In response to a Freedom of Information Act request filed by Puerto Rican and U.S. advocacy groups, the IRS said initially that it planned to release documents stemming from its audit by the summer, the lawmakers' letter said, adding that the groups were informed by the IRS that the date for that release had slipped to December. 

"The IRS and Treasury Department must make Act 22 enforcement a priority and shed light on their oversight of U.S. individuals unlawfully claiming benefits under this law, " Velazquez said in a statement. 

In their letter to the IRS, Democratic lawmakers suggested that even those who may technically be in compliance are taking advantage of the law to force Puerto Ricans out of their homes.  

"The tax haven that Act 22 has created in Puerto Rico has proliferated the use of short term rentals ("STRs"), increased cash property sales and market speculation, and caused displacement for the Puerto Rican people themselves," the letter says.

"What we have seen is the exacerbation of displacement as a result of these beneficiaries, you know, they come in, they don't pay taxes, they have cash, so they speculate on real estate, a property that would probably cost $100,000 now cost $300,000, half a million. And that has obviously exacerbated the housing crisis in Puerto Rico," Marlyn Goyco, national organizing manager for the Center for Popular Democracy, told CBS News.
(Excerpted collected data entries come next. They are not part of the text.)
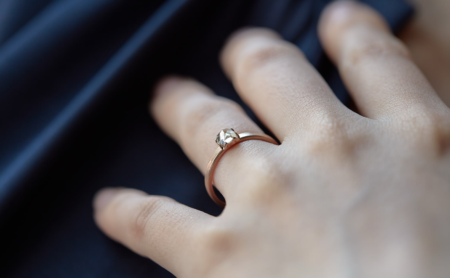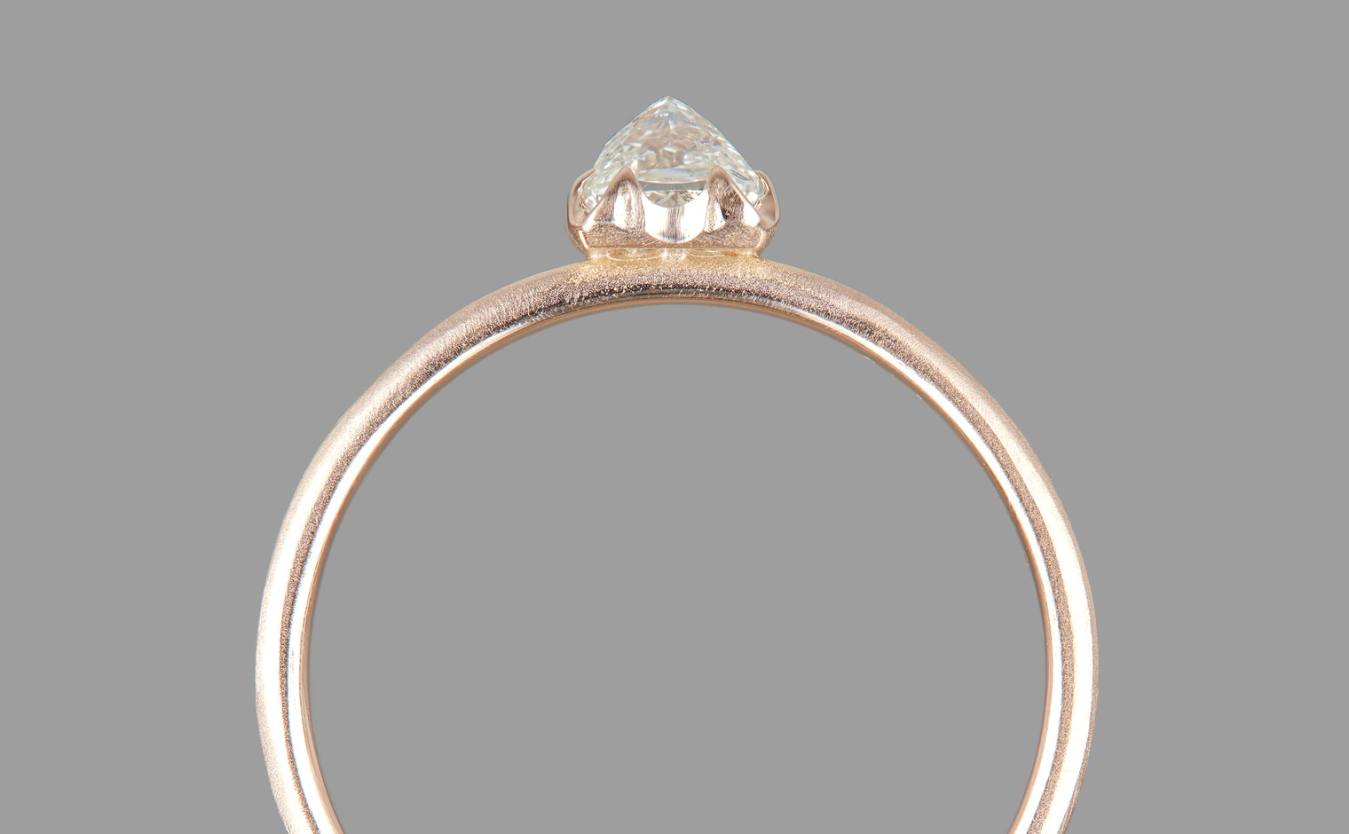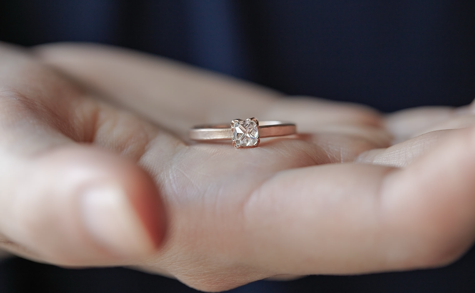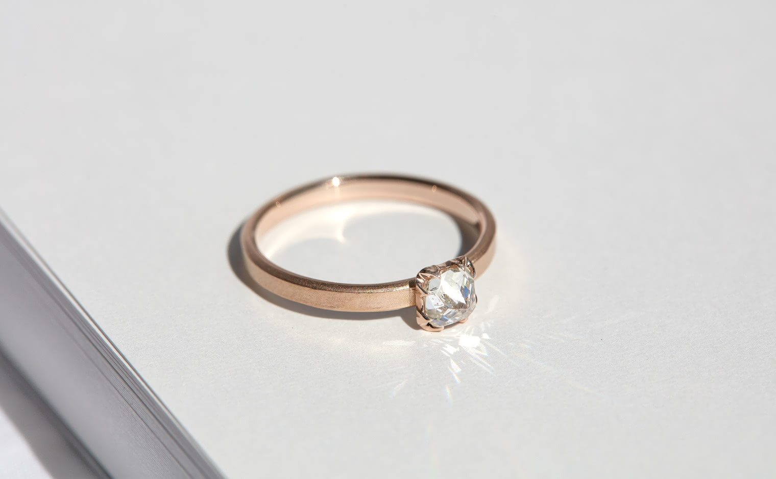 Love is Over the Top. Sparkling and authentic, this unique rough diamond is masterfully mounted inverted on a handcrafted rose gold band, making the Iceberg Ring-Cushion an irresistibly bucolic and charming piece of treasure.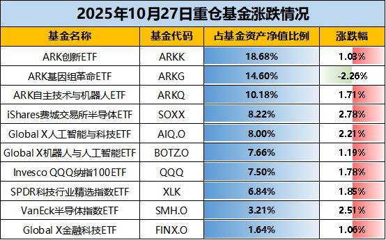 【重仓涨跌】根据基金2025年三季报披露,重仓基金中3只为“木头姐”凯茜伍德旗下聚焦于美股前沿科技的基金,合计占比达43.46%。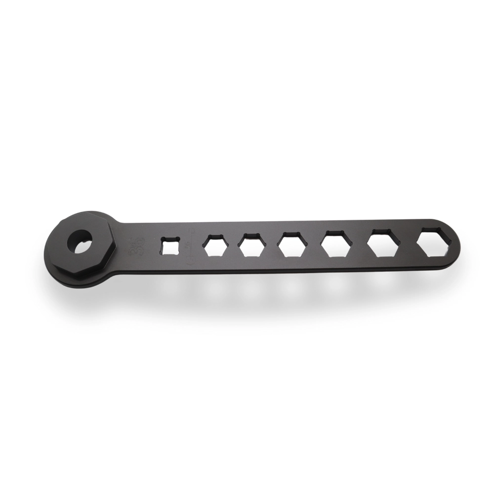 Clé de démontage de bouchons de fourche 36 mm avec renflement octogonal, spécialement conçue pour un démontage facile et précis. Cet outil garantit un travail sécurisé sans risque d’endommager les composants environnants.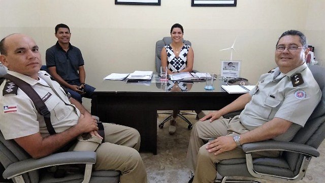 Na manhã desta quinta-feira, 30, a Prefeita de Sento-Sé, Ana Passos e o Secretário Municipal de Educação, Izamar Reis se reuniram no gabinete da gestora com o Major PM, Cláudio Luís Pitta Santos e Capitão PM, Dejanilson Esbaltar. Na ocasião, foi discutido o projeto da Escola Militar Municipal para ser implantando e desenvolvido no município.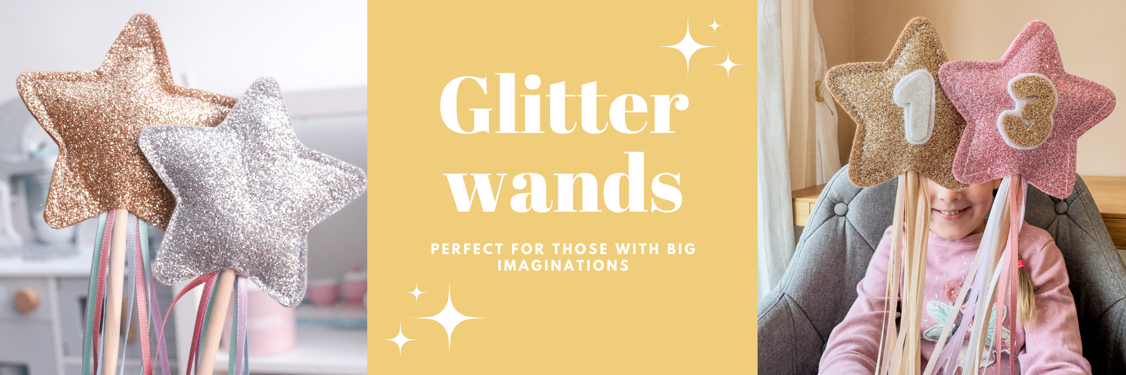 Beautiful handmade glitter wand – the perfect accessory for your little one’s imaginative playtime or magical birthday celebration! Whether they’re casting spells, dressing up as a fairy or wizard, or creating their own enchanted world, this wand adds a touch of sparkle to any special day.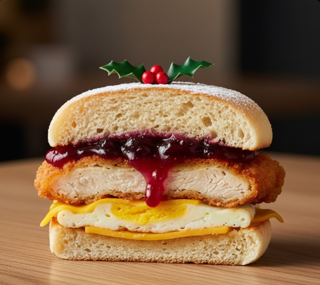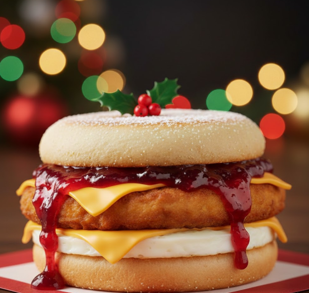 "와... 이거 진짜 크리스마스 아침 식사 맛인데? 달콤함이 과하지 않고 짭짤한 치킨 패티랑 너무 잘 어울려요. 전문가들도 극찬할 맛의 조화예요!"

The skyrocketing prices are putting home ownership out of reach for many Puerto Ricans, whose median household income is $21,967. At least 41% of the population live in poverty, according to the U.S. Census Bureau. At the same time, housing prices on the island have spiked at least 36% in the last five years,  Federal Housing Finance Agency data indicates. 

The lawmakers point out that Act 22 has resulted in loss of income to the U.S. Treasury, too, noting that 647 people who have become Puerto Rico residents and use the tax benefit altogether paid over $500 million in federal income taxes in the five years before they relocated to the island. That small statistic, they said, offers "a glimpse into the critical revenue that the United States is losing due to the tax evasion scheme created by Act 22."

The IRS has not yet responded to a request for comment. 

Because it's uncertain when the IRS investigation will conclude and when the local government will decide to publish its findings about the beneficiaries of the program, Goyco says the biggest concern is the "unaffordability of living in Puerto Rico."

"We have the highest sales tax. We also get the highest electric bill," Goyco said. "Our concern is that it's going to be a Puerto Rico without Puerto Ricans because it's just becoming increasingly hard for people to live here," she added. 

"For young people that go to university, there's not enough opportunities to work, and the thing is, this law does not provide any of that. If anything, it's just bringing people in to live here in paradise without having to pay and to support their communities," Goyco added.